Slowly, a sense of normalcy — or a reasonable facsimile of normalcy in 2020 — is returning to major college football.
On Thursday, the Pac-12 became the last of the Power Five conferences to announce a return to play plan, albeit a seven-game schedule that begins Nov. 6, two weeks after the Big Ten returns for its nine-game slate.
On Saturday, the Southeastern Conference begins its 10-game, conference-only schedule, joining the Atlantic Coast Conference and Big 12, who started play two weeks ago. With big-name teams such as defending national champion LSU and perennial titlist Alabama playing their openers, fall Saturdays will start to resemble what we're used to.

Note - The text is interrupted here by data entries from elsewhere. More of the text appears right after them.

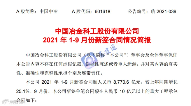 昨日,中国冶金科工股份有限公司(简称“中国中冶”)2021 年 1-9 月新签合同额情况简报发布,公告显示,中国中冶 1-9 月份累计新签合同额人民币 8770.6 亿元,同比增长率 25.1%,已完成年度新签合同额目标的 73.1%。
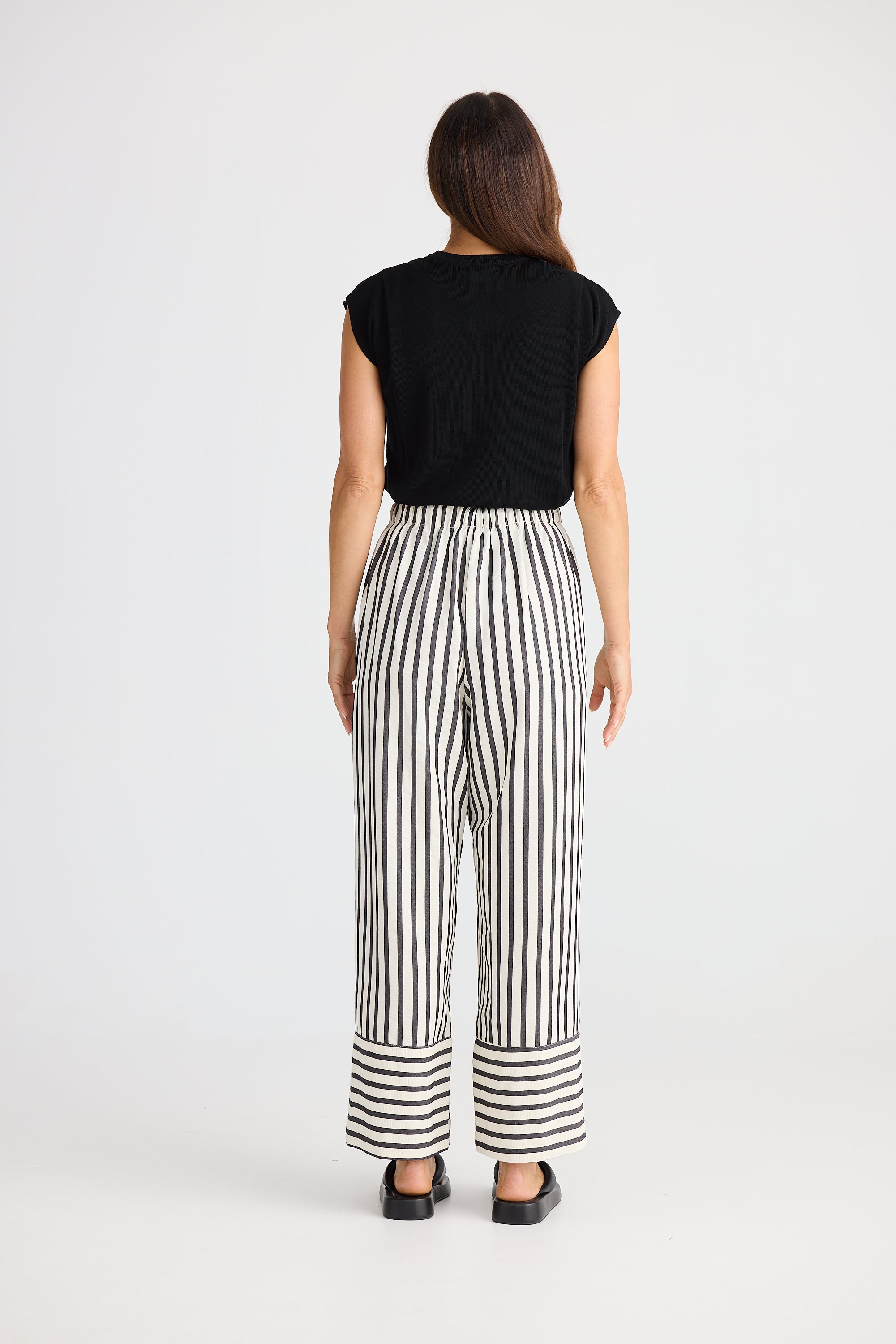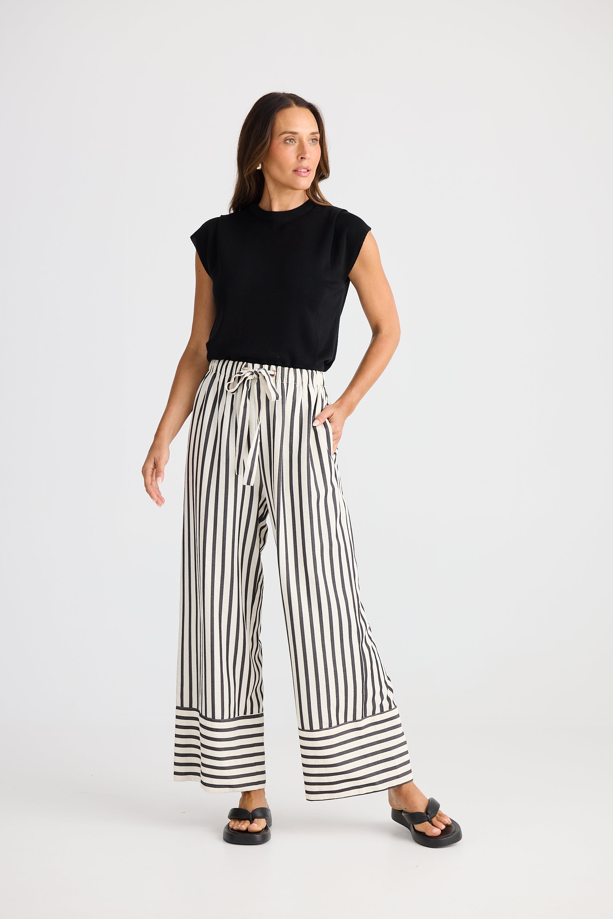 Elevate your everyday wardrobe with the Brave + True Portia Pant in Black Stripe. Designed with a relaxed wide-leg silhouette,...
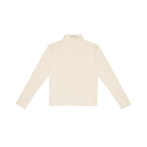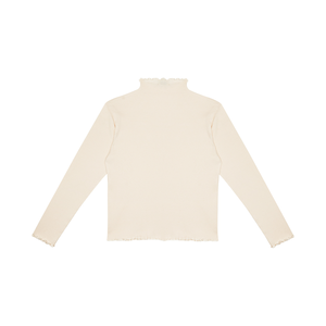 New from The New Society for Autumn/Winter 2021. Finely ribbed mock neck tee finished with lettuce edging. A versatile top for layering. - Kid's shirt - 100% organic cotton - Color: Natural - Funnel neck - Long, slim sleeves - Relaxed fit
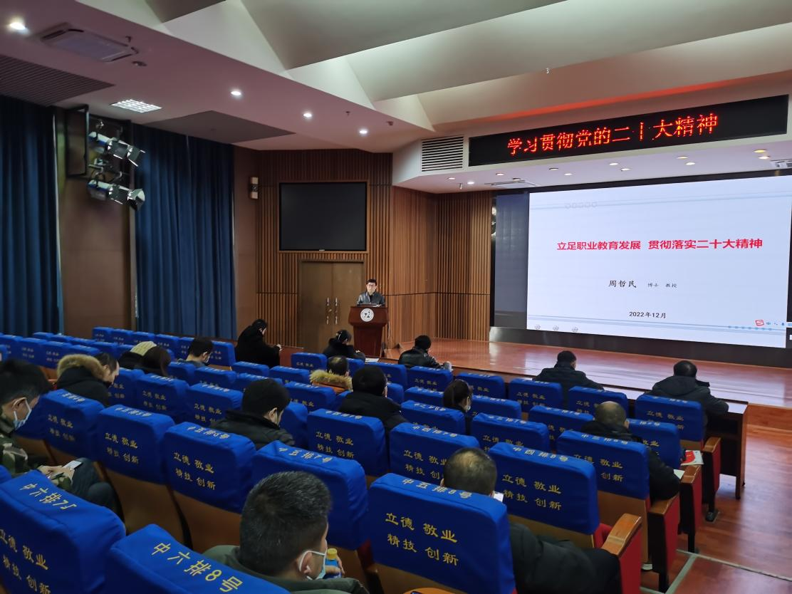 12月1日下午,教务工作党总支在图书馆报告厅组织开展学习贯彻党的二十大精神专题党课,党课由党总支书记周哲民主讲,党总支全体党员参加党课学习。
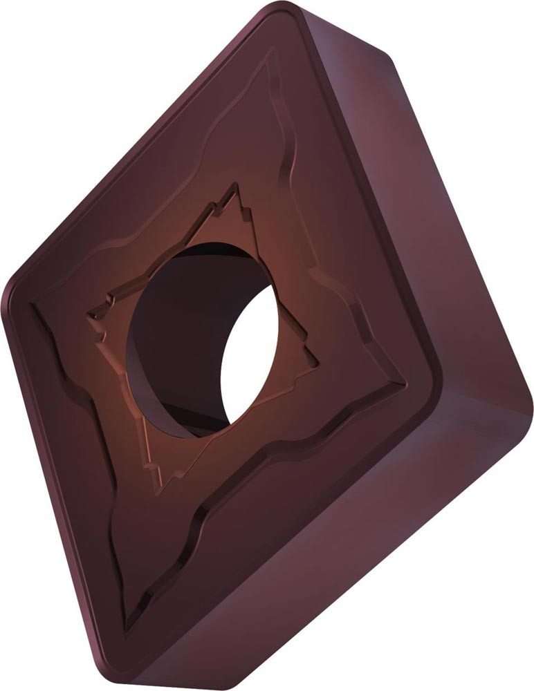 Doppelseitige negative Drehwendeschneidplatte · 80° Rhombisch mit Innenkreisdurchmesser von 19.05mm · 6.35mm Dick · 1.6mm Radius · Indexgenauigkeit nach ISO-Toleranzklasse-M · Spanbrecher NMR mit verrundeter Schneidkante · im Substrat T8430 · PVD beschichtet WC-Co Feinkornsubstrat in den ISO-Bereichen P20 -P40 und M20 -M35 · zum schlichten bis schruppen bearbeiten von Stählen und nichtrostenden Stählen
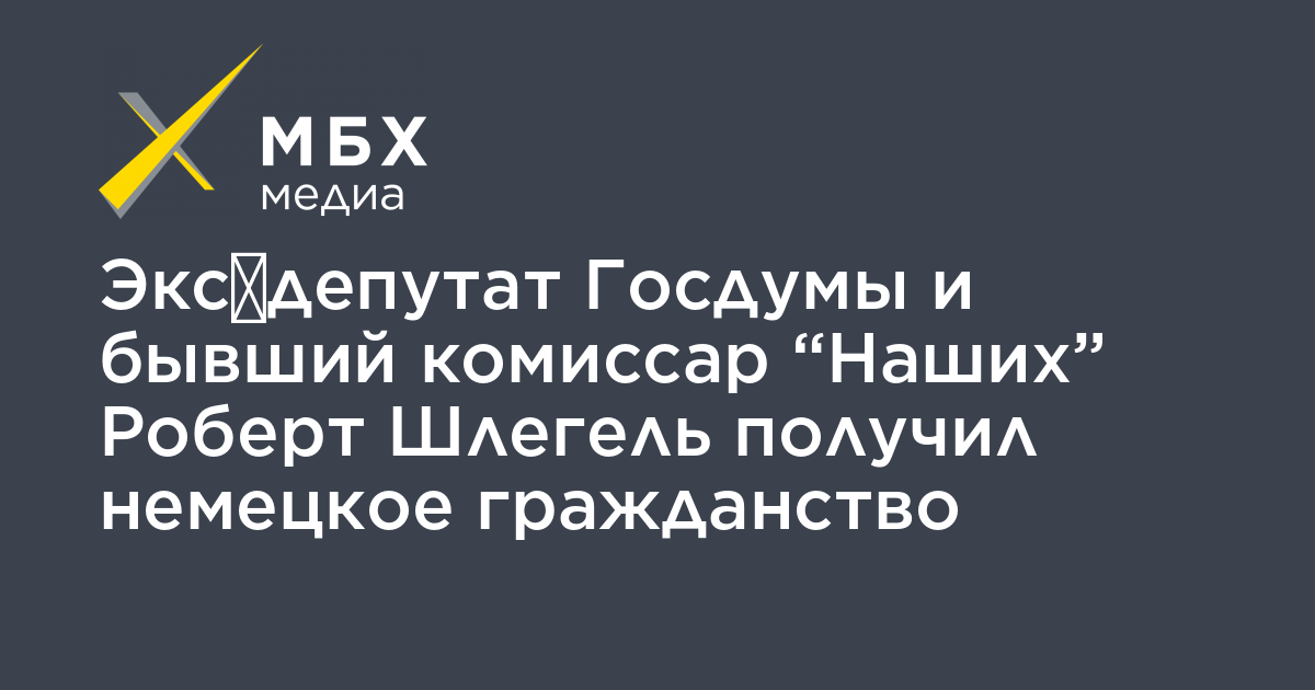 Бывший депутат Госдумы Роберт Шлегель, который также был одним из лидеров движения «Наши», весной 2019 года получил немецкое гражданство. Об этом сообщает немецкая газета Süddeutsche Zeitung.

Among those sorting out all the twists, turns and uncertainty to determine the best teams in the country are a couple of groups of differing influence: the College Football Playoff (CFP) selection committee and the media members who vote in the Associated Press Top 25.

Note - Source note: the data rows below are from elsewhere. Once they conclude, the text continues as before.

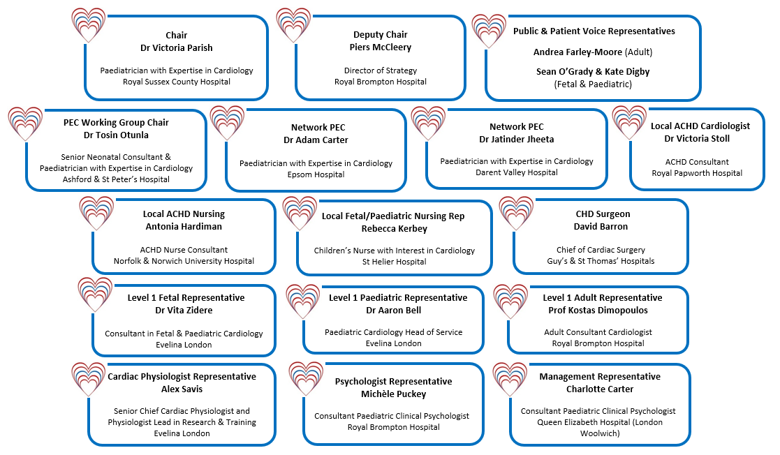 The Lifelong CHD Network has a management team that works with a wide range of stakeholders from across its geography. It is hosted by Guy’s and St. Thomas’ NHS Foundation Trust and funded by NHS England. It is governed by the Network Board, which has oversight of its work.
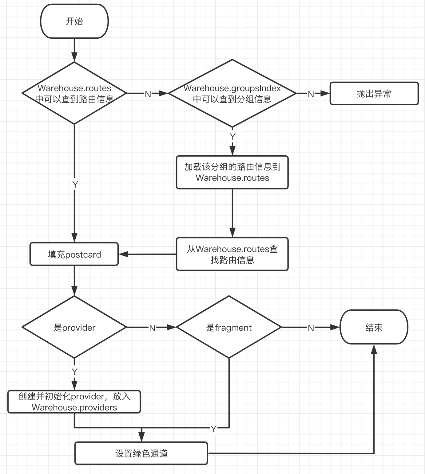 1 2 3 4 5 6 7 8 9 10 11 12 13 14 15 16 17 18 19 20 21 22 23 24 25 26 27 28 29 30 31 32 33 34 35 36 37 38 39 40 41 42 43 44 45 46 47 48 public synchronized static void completion (Postcard postcard) { ... RouteMeta routeMeta = Warehouse.routes.get(postcard.getPath()); if (null == routeMeta) { Class<? extends IRouteGroup > groupMeta = Warehouse.groupsIndex.get(postcard.getGroup()); if (null == groupMeta) { throw new NoRouteFoundException (TAG + "There is no route match the path [" + postcard.getPath() + "], in group [" + postcard.getGroup() + "]" ); } else { ... IRouteGroup iGroupInstance = groupMeta.getConstructor().newInstance(); iGroupInstance.loadInto(Warehouse.routes); Warehouse.groupsIndex.remove(postcard.getGroup()); ... completion(postcard); } } else { postcard.setDestination(routeMeta.getDestination()); postcard.setType(routeMeta.getType()); postcard.setPriority(routeMeta.getPriority()); postcard.setExtra(routeMeta.getExtra()); Uri rawUri = postcard.getUri(); if (null != rawUri) { ... } switch (routeMeta.getType()) { case PROVIDER: Class<? extends IProvider > providerMeta = (Class<? extends IProvider >) routeMeta.getDestination(); IProvider instance = Warehouse.providers.get(providerMeta); if (null == instance) { ... provider = providerMeta.getConstructor().newInstance(); provider.init(mContext); Warehouse.providers.put(providerMeta, provider); instance = provider; ... } postcard.setProvider(instance); postcard.greenChannel(); break ; case FRAGMENT: postcard.greenChannel(); default : break ; } } }
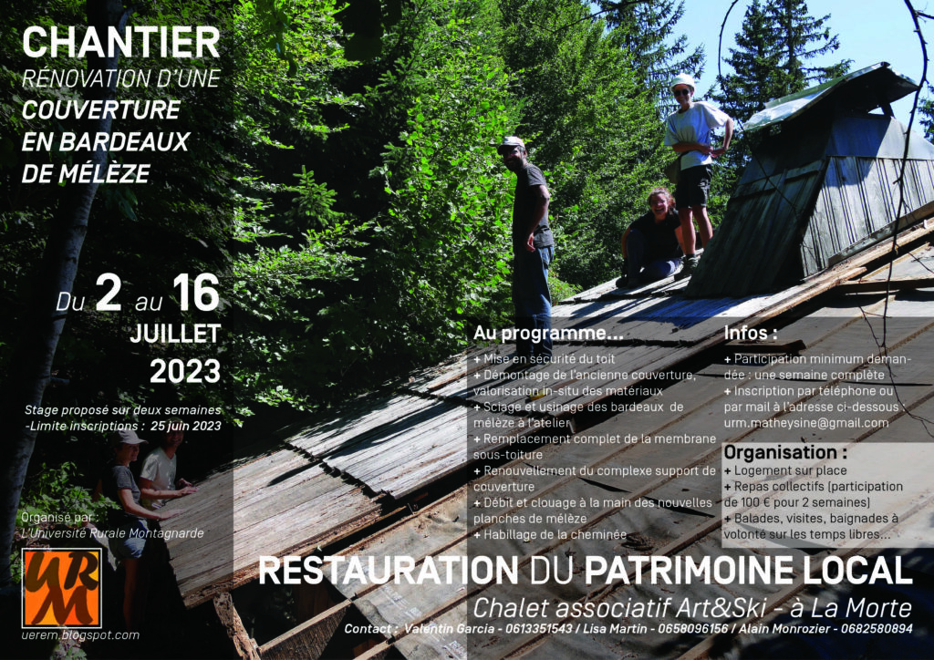 Le chantier-école proposé ici par l’URM a porté sur la restauration de la couverture en bardeaux de mélèze du chalet de La Morte. Les étapes de dépose et repose ont été les suivantes :
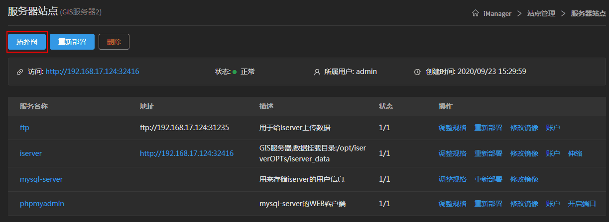 - 点击iManager左侧导航栏站点管理->您的GIS服务器名称进入页面;
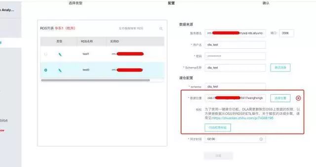 这里同步时间要注意下,应该选择半夜业务低谷的时候进行同步,避免影响线上业务。另外选择数据位置的时候我们会对您赋予DLA的OSS操作权限进行校验,如果没有赋予足够的权限,我们会做提示:
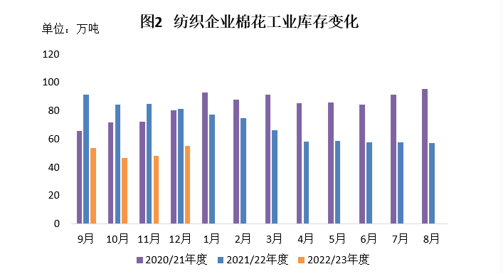 12月,市場預(yù)期需求轉(zhuǎn)暖,悲觀情緒有所緩解,國內(nèi)棉花消費略有好轉(zhuǎn),鄭棉延續(xù)反彈態(tài)勢,紗廠成品出庫加快,原料備貨意愿有所增強,由于月內(nèi)部分工廠工人感染,開工率和產(chǎn)量短期實際增幅受限。據(jù)中國棉花預(yù)警系統(tǒng)對全國90余家定點紡織廠調(diào)查顯示,紡織廠原料庫存略有增加,紡織品產(chǎn)量環(huán)比上升,紗線庫存和布庫存下降。

The 13-member playoff committee wields the ultimate power at college football's highest level. It will determine the four teams that advance to the semifinals in the Rose Bowl and Sugar Bowl on Jan. 1. The members' job has been changing by the day, said Bill Hancock, executive director of the College Football Playoff.
"We're learning flexibility and we're learning patience," Hancock said in a phone interview this week. "It's certainly been interesting, and there will be challenges, but we're prepared."
So far, the CFP has shown patience by sticking to its four-team format and adjusting its schedule by two weeks, with the announcement of the four playoff teams moving back to Dec. 20.
As for flexibility, that's ongoing. The committee will have to weigh the merits of teams with differing schedule lengths — as many as 12 for the ACC, 11 for the SEC and Big 12, nine for the Big Ten and seven for the Pac-12.